Sid was shivering like a leaf. He ran for his saddle roll and slipped on the fleece-lined coat, glad of its shelter. Then they unrolled the tarp, fighting it in the wind and the dark like some wild thing, until it was finally anchored and rose at a steep slant like a sort of bear den. Under it they laid their sleeping rigs and then picked up Scotty, bag and all, and carried him over. Aside from a sleepy grunt or two, he slept right through it! The dogs were glad enough to follow them in and curl up again, backed up against the sleeping bags.

“You remember how we batted the snow off the rag house walls up in Montana, Sid?” queried Big John as he crawled into his bag again. “Waal, same stunt here. Reach up an arm an’ hit her a good poke when she sags too much. There won’t be nawthin’ but sand hyarabouts, come morning.”

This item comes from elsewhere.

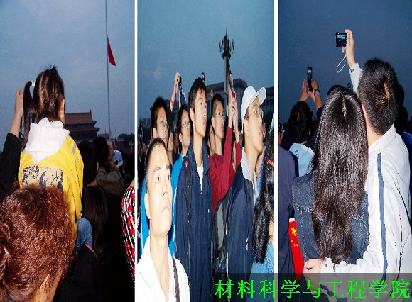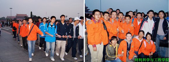 在国庆节即将来临之际,距北京奥运会开幕还有313天之时,在材料学院分党委指导下,分团委书记周芳集、分团委副书记新生辅导员李紫千、班主任杨艳波、翟进贤及学生会干部(“好运北京”奥运测试赛的志愿者为主)带领全院07级本科新生来到天安门广场观看了升国旗仪式。此次活动作为材料学院爱国主义主题教育活动之一,旨在大力弘扬爱国主义精神,激发材料学院师生强烈的民族自豪感和自信心,将爱国情节与志愿北京紧密联系起来,构建和谐。

They dozed off to sleep. Sid awoke before dawn with a sense of some great body pressing down on him. A howling tempest was raging down the gulch; sand in sheets and clouds swirled by. Overhead the tarp sagged down on them all, and, pushing up on it, he found it immovable. His exertions wakened Big John and incidentally jammed an elbow into Scotty’s face so that that exemplary sleeper arose, spluttering and spitting sand out of his mouth.

“Wh—wha—what’s happenin’?” he mumbled. “I dreamed the Grand Canyon had caved in on me——”

“Sho’ has! Turn out an’ shove, old settler,” grunted Big John as the three put their shoulders to it. There seemed to be a ton of sand on that roof, and it would not slide off in the docile way that snow did. It lay heavy and inert, to sag back again as soon as a shoulder was withdrawn.